EURUSD is conveying a strong bullish tone rocketing above the Ichimoku lines and the simple moving averages (SMAs), despite currently receding from seven-month high levels. The soaring Ichimoku lines are promoting positive price action while the advancing SMAs are defending positive sentiment.
The short-term oscillators are reflecting some waning in positive momentum. The MACD, quite some distance in the positive region, is stalling ever so slightly above its red trigger line, while the RSI is making efforts to remain in overbought territory. Moreover, the stochastic lines have completed a bearish crossover and are sponsoring additional negative moves.
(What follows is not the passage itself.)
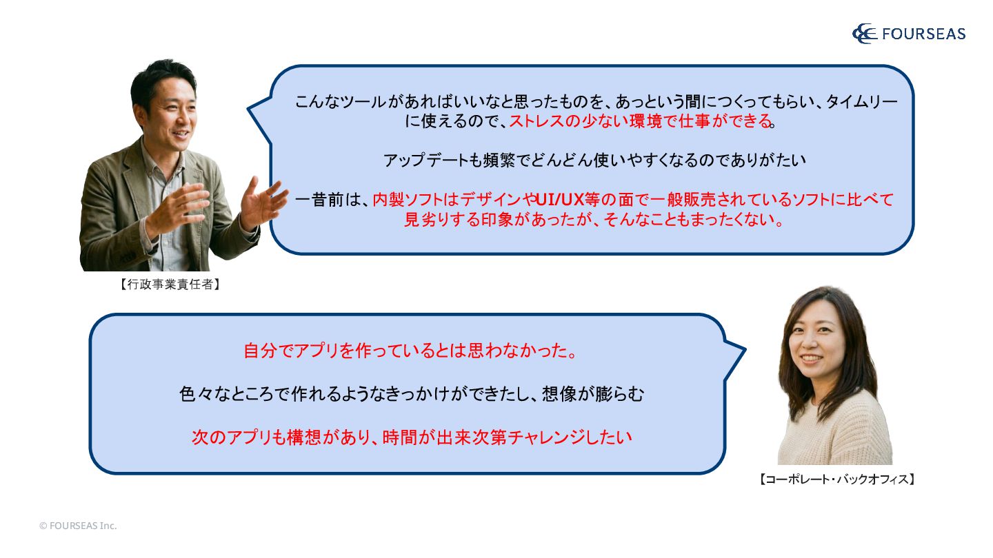 © FOURSEAS Inc. こんなツールがあればいいなと思ったものを、あっという間につくってもらい、タイムリー に使えるので、ストレスの少ない環境で仕事ができる 。 アップデートも頻繁でどんどん使いやすくなるのでありがたい

Retreating from the proximity of the seven-month highs may see the pair face initial support from the 1.2087 barrier, coupled with the climbing red Tenkan-sen line. In the event the pullback extends, the pair may then meet the 1.2039 low and adjacent 20-period SMA, together with the blue Kijun-sen line. Next, should the 20-day SMA and the support section of 1.2002-1.2010 fail to defend against further loss of ground in the pair, the price may sink towards the cloud’s upper surface and the key 1.1917 trough.
If buyers retake the reins, they will need to push over the immediate 1.2138 resistance stretching back to April 2018, which has halted the ascent. Clearly overrunning this obstacle may shoot the pair towards the resistance region of 1.2200-1.2209, containing the 261.8% Fibonacci extension of the down leg from 1.1919 until 1.1745. Conquering this boundary too, the price could then raise resistance up to the 1.2245 high, before aiming for the limiting zone of 1.2289-1.2306.
Summarizing, although dwindling slightly, EURUSD maintains a bullish outlook in the short-term timeframe above the SMAs and the 1.2039 trough.